You do not have the freedom to suppress the freedom of another individual, your rights end when they infringe on the equal rights of another citizen. Beyond that the United States where founded as a secular government, there should not be exceptions for the religious

Unfortunately over time those freedoms shift as the population & the system grow and become more complex.

An obvious example is noise. With growing population and finite space the amount of space between people tends to shrink (especially with increasing urbanization), and previously acceptable levels of noise diminish as they impact more people more acutely. One can mitigate this by moving to more remote areas but that means increasing difficulty in other areas such as employment and telecommunications infrastructure.

Another example is the automobile. When automobiles first came out they were an optional form of transport, road rules were very lax and foot and vehicle traffic could easily interact with each other without much oversight.

However with increasing population numbers and automobile usage the freedoms for both foot and vehicle traffic had to go down just to keep vehicle/pedestrian collisions down and keep the combined traffic moving smoothly.

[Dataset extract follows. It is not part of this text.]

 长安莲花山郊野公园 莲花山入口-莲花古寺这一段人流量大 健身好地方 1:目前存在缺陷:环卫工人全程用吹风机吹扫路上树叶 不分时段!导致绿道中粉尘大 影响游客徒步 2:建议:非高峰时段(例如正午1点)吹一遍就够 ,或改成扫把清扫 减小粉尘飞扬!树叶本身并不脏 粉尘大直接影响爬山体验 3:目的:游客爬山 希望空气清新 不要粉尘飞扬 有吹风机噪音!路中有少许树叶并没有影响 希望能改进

More intricate rules, signage including painted lines and traffic lights eventually needed to be introduced in order to regulate the increasingly crowded traffic. In time society rearranged itself to accommodate the automobile and there are now many roads that are purely for vehicle traffic and allow no foot traffic.

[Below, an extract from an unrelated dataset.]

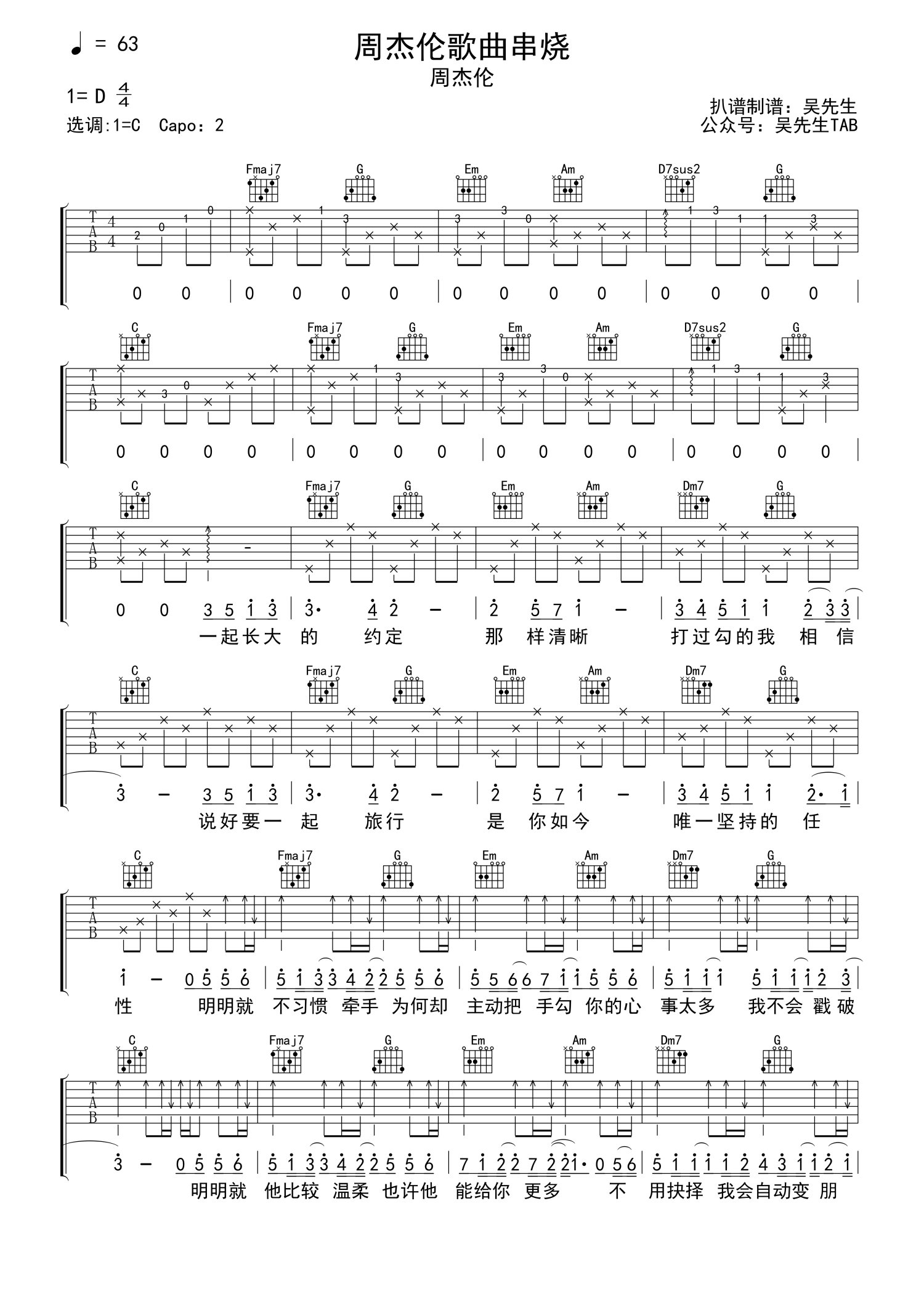 • 周杰伦歌曲串烧吉他谱 - 周杰伦 - C调吉他弹唱谱第1张

7 hours ago, AshleyAshes said:

Not to mention, considering how the major push for LGBT rights started with the Stonewall RIOTS and has seen continued success since, I think the 'It'd be a lot easier if you didn't fight for it' argument falls pretty flat.

Sometimes it's necessary not just to fight but to sacrifice and suffer as well. In USA alone there were quite a few strikes that eventually led to better wages and conditions but the strikers got beaten and shot by privately hired goons and/or state militia that the businesses they were striking against had enlisted.

In Australia we had our fair share of mass strikes as well, particularly in mining.

 

Where is the collective action nowadays? In the developed world it's near impossible to organize a boycott let alone a strike.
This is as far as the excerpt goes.